Architecture
Unsterwerx is a single Rust binary organized into 18 logical modules. Documents flow through a pipeline from ingestion to archival, with every operation recorded in the audit trail.
Pipeline
ingest → parse → canonical → similarity → knowledge → diff → classify → archive
↓ ↑
search (FTS5) user feedback
↓
reconstruct
- Ingest: scans directories, computes SHA-256 hashes, registers documents in the database, and deduplicates by content hash
- Parse: extracts raw text from PDF, DOCX, XLSX, PPTX, TXT, and CSV using format-specific parsers (NACs: Normalization, Abstraction, Compaction)
- Canonical: transforms parsed text into structural elements and stores canonical markdown in content-addressable storage (CAS)

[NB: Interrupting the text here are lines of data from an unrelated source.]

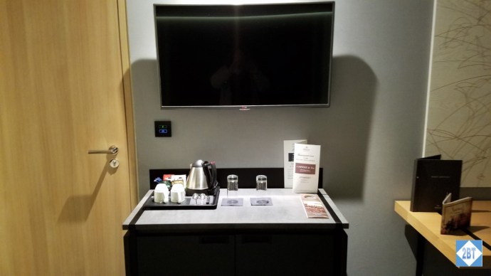 Next to that was a wall-mounted TV (that we didn’t turn on) and a cabinet. On top of the cabinet was a kettle and coffee & tea supplies along with a couple of drinking glasses. You can see from the photo that ours was a connecting room but we never heard a peep if there was anyone staying there.
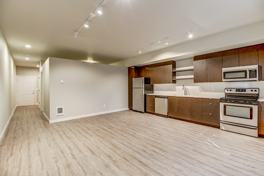 Hard flooring throughout unit, carpet in bedroom
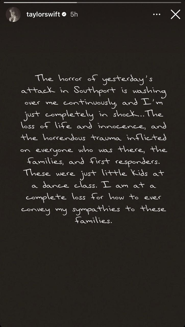 "El horror del ataque de ayer en Southport me invade continuamente. Estoy completamente en shock... La pérdida de vidas e inocencia, y el horrendo trauma infligido a todos los que estaban allí, las familias y los socorristas", escribió la artista en un comunicado, difundido en sus redes sociales.
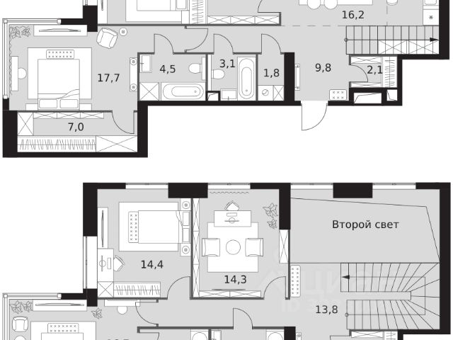 • ✓ В базе Циан 408 квартир на последнем этаже в округе ЮЗАО в Москве
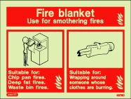 Photoluminescent ID sign for fire blankets which is available in 3 sizes and finished on rigid PVC plastic.
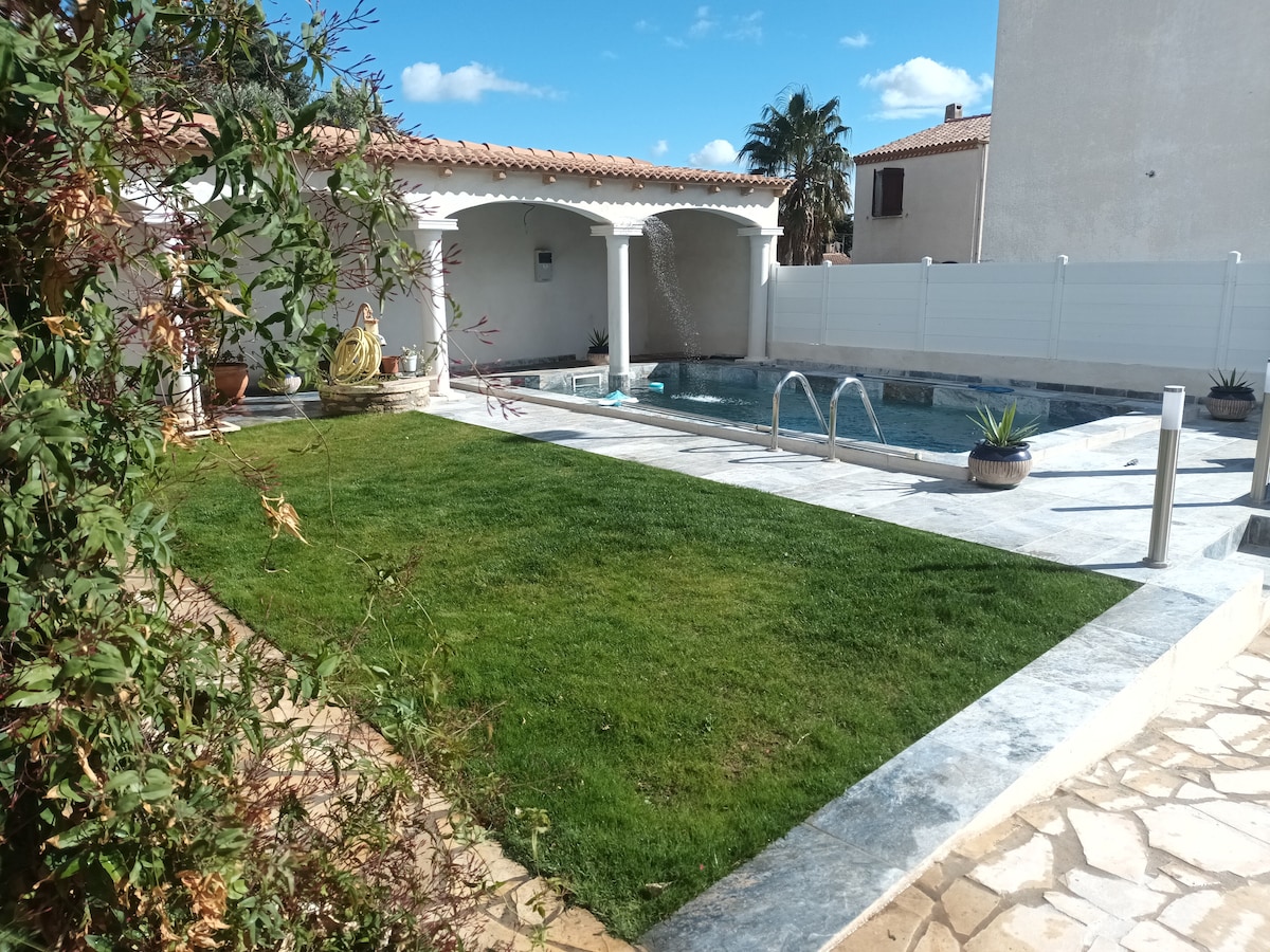 Gîte de charme confortable de 67m2 classé 3 étoiles , un terrain clos planté de pins, avec belle vue, pétanque, cuisine bien équipée, une chambre lit baldaquin, plus une autre chambre avec un lit en 140 et un 90 grande salle d'eau moderne terrasse ensoleillée sans vis à vis, piscine couverte. Situé à la campagne à 600m d' un super U, Mc Do et boulanger et à 5km de Narbonne, plages à une vingtaine de km, nombreux chemins de rando dans les Corbières, châteaux Cathares, réserve africaine de Sigean
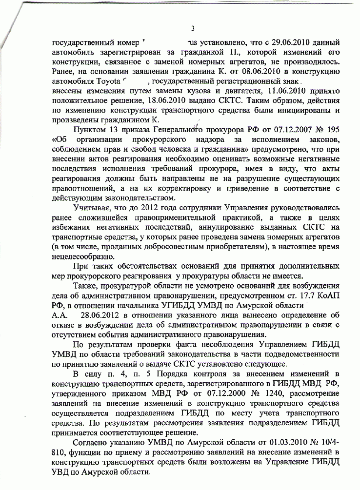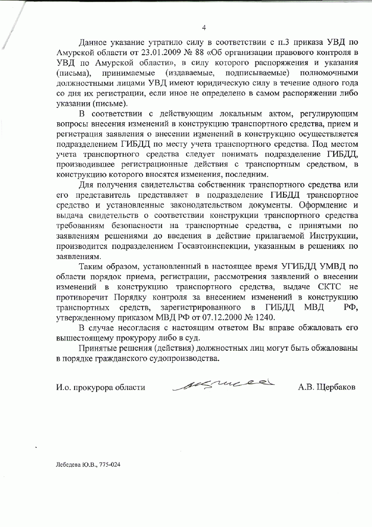 Начальник УГИБДД УМВД РФ ПО Амурской области вообще наделен какимито неограниченными возможностями: сам сочиняет определение верховного суда , получив в свой адрес представление прокуратуры имеет право рассмотреть его и неудовлетворить , мотивируя это тем , что раньше он еще не сочинил определение верховного суда и не почитал определение кассационного суда г.Хабаровска , но когда он всеже все это изучил ,то приказ МВД РФ №1240 вдруг начал понимать совсем по другому (прекратил выдачу ССКТС)
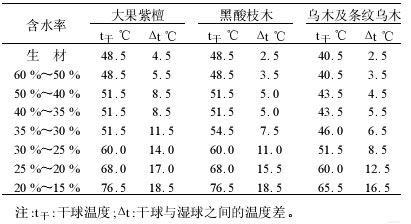表 紅木常規(guī)窯干干燥基準(zhǔn)
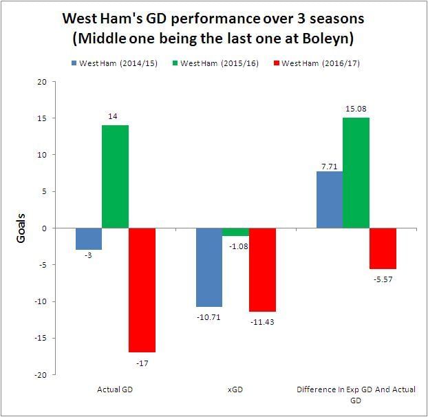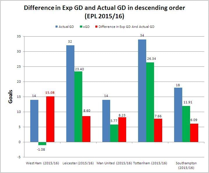 In the 2015/16 season, West Ham finished with an Actual Goal Difference (AGD) of 14 but the xGD metric put them on a goal difference of -1.08. The net difference between their Actual Goal Difference (AGD) and their Expected Goal Difference (xGD) was a staggering 15.08 (this number is of prime importance here, calculated like this: AGD-xGD or 14 - (-1.08) = 15.08).
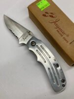 JAQUAR STAINLESS STEEL FOLDER / COMBO BLADE, LINER LOCK, AND POCKET CLIP C-7272A (DEALER OLD STOCK) Condition: New (Dealer Old Stock – NOS) Brand / Manufacturer: Jaquar Model Number: C-7272A Country of Manufacture: China UPC: N/A Stored for

- Similarity: generates MinHash signatures from text shingles, applies LSH banding, and computes Jaccard similarity scores
- Knowledge: builds TF-IDF semantic features, trains a Naive Bayes model on bootstrap labels and user feedback, then scores pairs with posterior
P(duplicate | features) - Diff: computes structural diffs between similar document pairs using LCS alignment and stores compressed diff payloads in CAS
- Classify: applies regex-based classification rules to assign document classes with weighted confidence
- Archive: enforces retention policies by moving or deleting documents per class-specific rules
Module Map
| Module | Purpose |
|---|---|
core/ | Error types, config, document types |
storage/ | SQLite DB, migrations, CAS filesystem |
audit/ | Append-only hash-chain audit log |
ingest/ | File scanning, SHA-256 hashing, registration |
parse/ | PDF, DOCX, XLSX, PPTX, TXT, CSV text extraction |
similarity/ | MinHash signatures + LSH banding |
canonical/ | Markdown extraction, FTS5 search indexing |
diff/ | Content + structural diffing, temporal tracking |
bayes/ | Naive Bayes model training, inference, evaluation |
semantic/ | TF-IDF features, corpus IDF computation |
rules/ | Classification rules + retention policies |
temporal/ | Version timeline + point-in-time resolution |
reconstruct/ | Tera templates, markdown/PDF output |
archive/ | Move/delete per retention policy |
cli/ | 17 subcommands (plus 1 hidden worker) |
knowledge/ | Bayesian classification, vector graphs, BI deduplication |
benchmark.rs | Pipeline performance measurement and regression detection |
import/ | Multi-source adapters (local, ChatGPT, Notion, Obsidian, Telegram) |
Key Design Decisions
- Single binary crate: no workspace, no microservices. Modules provide logical separation.
- SQLite + WAL: all metadata lives in a single database file with write-ahead logging for concurrent reads.
- Content-addressable storage: canonical markdown and diff payloads are stored by SHA-256 hash prefix, enabling storage-level deduplication.
- Streaming hashing: files are hashed with 8 KB streaming buffers to avoid loading them fully into memory.
- Append-only audit: every mutation is logged with hash chaining, and the chain can be verified at any time.